Прошел, промчался славный день
В разрывах, в грохоте, в отваге,
А я сижу, сижу, как пень,
Уткнувши нос в свои бумаги…

Спохватился, когда было уже поздно. Досадливо морщась, заново переписал последний лист, а тот, на котором было стихотворение, скомкал и сунул в карман. Может, пригодится как заготовка для будущего.

* * *

На пятые сутки между войсками Ленинградского и Волховского фронтов, наступавших навстречу друг другу, осталась лишь узкая полоска земли, в некоторых местах не превышавшая двух километров. Но на этих километрах было столько немецких солдат, столько вражеской техники и укреплений, что каждый шаг вперед давался с большим трудом. Без артиллерии и авиации пехота не могла бы продвинуться. Она шла за огневым валом, по изрытой, искалеченной земле, добивая уцелевших фашистов.

Немцы вводили в бой свежие полки, бросали в контратаку танки и автоматчиков. Стены «коридора» суживались очень медленно. Перелом наметился только вечером 17 января, когда советские войска вплотную подошли к Рабочим поселкам № 1 и № 5. Фашисты наконец дрогнули. Продолжая упорно оборонять «коридор», они начали отводить через него свою Шлиссельбургскую группировку, которой грозило полное окружение.

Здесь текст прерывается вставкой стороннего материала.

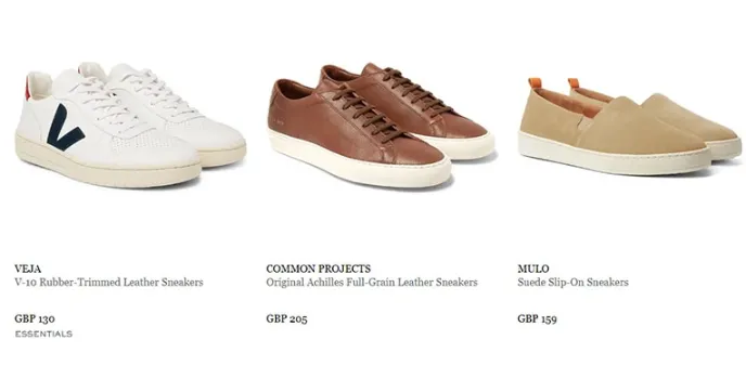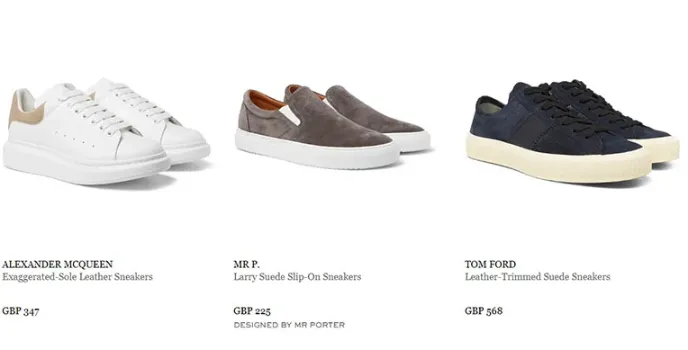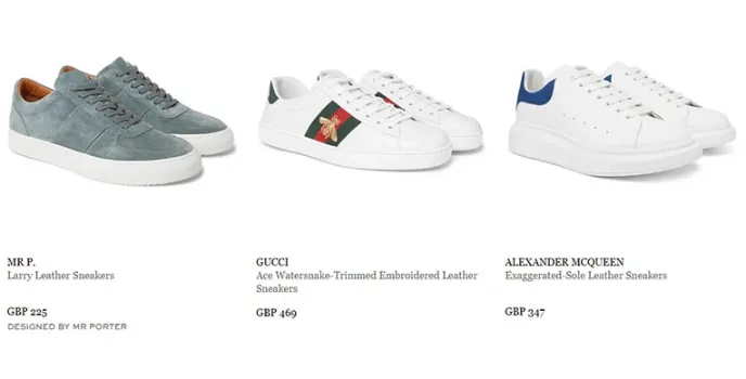 These affordable collections come in various brands, which include Nike, GUCCI, VEJA, ALEXANDER MCQUEEN. Nike Air Force collection and Adidas collection are the best collections on this platform as they offer A good price range for both men and women, which are totally recommended by Mr. porter's online store's official website.

Психологически противник был сломлен. А советские бойцы дрались с особым напором и ожесточением. Люди из тыловых служб стремились ближе к передовой. В наступающих цепях оставались многие раненые. Всем хотелось дождаться той минуты, когда разомкнётся кольцо блокады. Они были как подводники в лодке, долго пролежавшей на грунте, отвыкшие от солнечного света, мучительно задыхавшиеся без кислорода. И вот лодка почти всплыла. Скоро откроется тяжелая крышка, хлынут в люк солнце и воздух, хлынет жизнь!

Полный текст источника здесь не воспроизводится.